HOW TO NAVIGATE YOUR WAY AROUND A FESTIVE DO

Written by in Food & Drink on the / Christmas Party Survival Guide

No matter how much you pride yourself on being the artful dodger, there's no way of circumventing the fact you will be attending a Christmas Party. For most, it will play out as a spell of routine. Get sufficiently lubricated, try it on with Jane from accounts, but settle for Barbara from Human Resources because she's got a bottle of Pinot Noir back at hers. Women undoubtedly embrace parties, especially if hosting. Whereas men who aren't of a gregarious nature, see them as an endurance test. They loathe the thought of being malleable to the tediousness and prosiest of conversations such as 'Any plans for New Year?' They fetishize on ripping the vinyl head from the record player and ordering everyone out (Eddie Murphy, Trading Places). “Screeeccchhh! Get....Out!” Here are some practical tips and hints on how to navigate your way round the masses and be the most interesting cat amongst the pride.

Be the Barman 

Don't just turn up with a bottle, bring a bottle with mixers and fruit, and set up a little area in the corner of the main room. I did this recently and even burnt a few more calories by printing off a mini cocktail menu. Don't pretend you suddenly have a degree in mixology, make up your own cocktails and give them silly names - be the pusher of the last legal drug.

Be the DJ 

I was recently put in charge of the music at a Christmas party. Every man should relish this opportunity. If it's in your house, put together a good ductile selection of 3-4 hours’ worth of music. Invest in a good docking system and download the Spotify App on your phone. Ductile means no Death Metal, no DubStep, no Katy Perry. Think about what your neighbours would like to hear at 2am. 

Take Some Notes 

Ahead of time at the sober-half’s Christmas Party, I asked her to give me the details on 10 guests of whom I'm likely to encounter and what their story is. For one, I have a memory like a spaghetti colander so I write things down like that guy in Memento. Two, you should have seen this girls’ face light up when I asked her about her blog and what part of Israel she was from. It was like I was given the Christmas Party Almanac and got everyone talking about their favourite topic, themselves.

Have No Agenda 

If you dragged yourself to a Christmas Party with the myopic intention of bagging Jane from accounts and you come away empty handed, then your night could be a complete disaster. Worse still, a heartbreaker when you see her leave in a cab with dishy Steve the newbie. Of course, there is always Barbara, but wouldn't it be a better night for everyone if the barometer for a good night wasn't determined by any expectations? 

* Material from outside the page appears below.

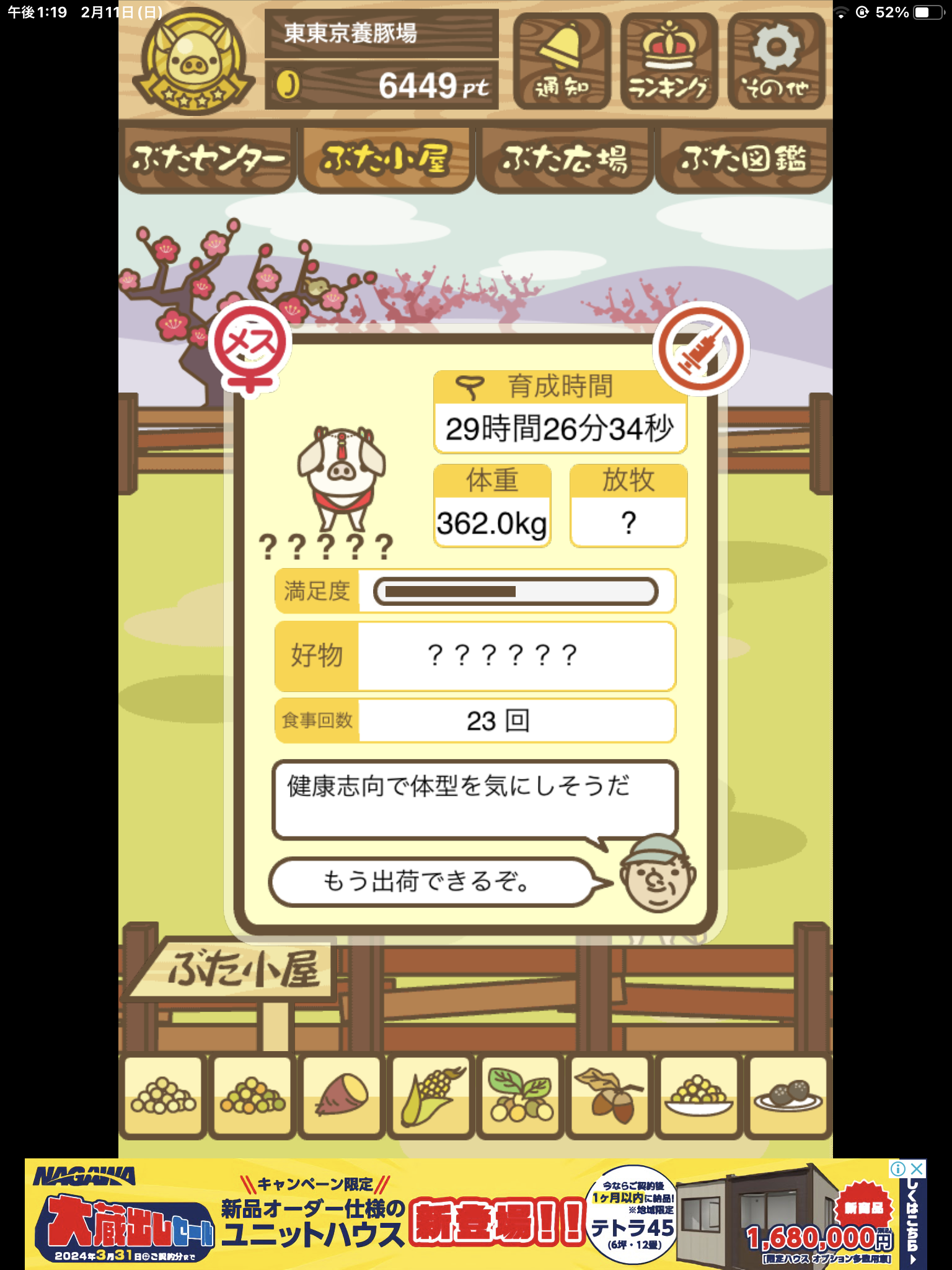 ぶた小屋/放牧場 のどっちで成豚するかは気にしなくて大丈夫。
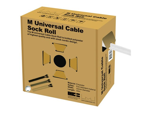 Produktbeskrivning Multibrackets M Universal Cable Sock Roll 55 mm x 50 m - kabelorganiserare Typ av produkt Kabelorganiserare Produktmaterial Polyester Dimensioner (BxDxH) 55 mm Längd 50 m Vikt 2.25 kg Färg Vit Tillverkarens garanti 3 års garanti -

Don’t Lose Anything & Leave Early 

Yep, avoid the cataract of goodbye air-kisses and waking up on a stranger’s couch. As a rule, at parties I now set an alarm on my phone every hour to make sure I still have it. Sometimes I pretend it's someone calling to escape a corner, 'I must get this, will you excuse me?' I give the sober half the heads up and over my shoulder I can hear the faint, 'He's constantly working.' I then slip off to the toilet for fifteen minutes and fart around on Instagram.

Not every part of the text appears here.